The pandemic has had a huge impact on the state’s hospitality industry. Restaurants and bars were closed, and an estimated 116,000 jobs were lost, according to Hospitality Minnesota.

Surly and its employees were confronting that hard reality, too.

“So in March we had to wind things down, and we pretty much came to a crashing halt,” DiNovis recalls. “We pretty much had to lay off our entire staff.”

The only exceptions, he says, were a handful of managers.

Months later, just 30 employees are working at Surly. Managers are planning to have 75 employees in place by July, and they hope to get staffing levels back up to their original 200 at some point.

“It’s good to be back. It’s good to be back at work,” says Melanie Woods, who’s been hosting and doing other duties at Surly for about two weeks. “It’s nice to watch people having fun and relax and hang out.”

The road to this reopening hasn’t been easy.

After Surly closed as a hospitality venue last November, staffers were working around the clock brewing beer. Sales of packaged and canned beer went up, DiNovis says, but draft sales dried up because restaurants and bars were closed.

He says by March, that small group of managers was trying to keep things going with meal kits and delivery service.

“We were just like everybody else, pivoting and changing every day,” DiNovis said. “Every day was walking into new restrictions changes and a lot of fear. We were all scared.”

Last fall, a number of Surly employees wanted to unionize. The election failed by a single vote, but the majority of employees who did vote were in favor of unionization. At the time, organizers also said many employees didn’t vote, and a majority wasn’t reached.

Now, months later, Surly’s owners have implemented an 18% service charge for customers instead.

“That service charge allows us to take that money that comes in, and spread it out to the entire staff,” DiNovis says. “So basically, all our front line workers and kitchen staff are making on the same level."

After 60 days at work, employees can get health, dental and 401(k) coverage.

DiNovis says the plan is to build out a full-time staff with benefits.

“If it’s a part-time job, you’re fighting for tips,” he said. “We want to make it easier for people to come here, and not have to worry that you’re going to have a dependable amount of income.”

Woods says the benefits take a big financial burden off her mind.

“Just the type of freedom and like the calm with that, knowing these resources are an option for you and other people as well,” she said. “Adds a level of peace and contentment for sure.”
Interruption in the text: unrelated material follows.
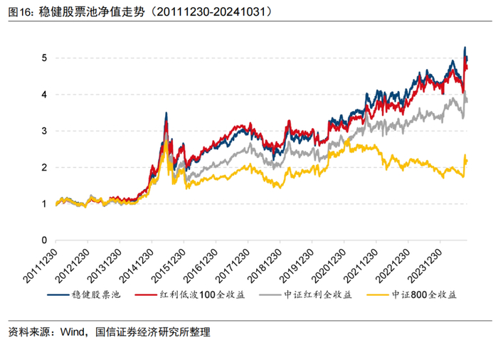 基于图14中的低估值、低波动、低换手、高股息4个维度的稳健因子,我们由此构建稳健股票池,具体构建方式如下:

DiNovis says employees are being trained to work in all areas at the brewery, from food prep to behind the bar to the retail store. Previously, different sections of the business were operated as separate entities.

“If you’re a retail employee, and there was only two shifts available, you’d never have the opportunity to have full-time status,” DiNovis explains. “Now a lot of our staff are cross-trained, so we have these flex positions.”
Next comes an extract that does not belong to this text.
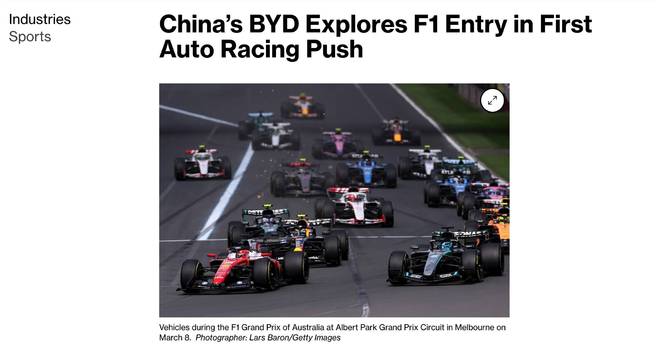 对于技术实力已经非常雄厚、希望提升品牌形象的比亚迪而言,参加 F1 是一个高效的选择。

As far as pandemic precautions are concerned, masks are not required inside, Surly says, although employees have the option to wear them if they want.

Meanwhile, customers like McFarland says it’s just nice to have a beer with friends: a sign of summer.

“I think there was a sense of community kind of coming back to,” she says. “I think it was really isolating this past year and just being back with everybody and having that sense of community, I think that’s a really great feeling.”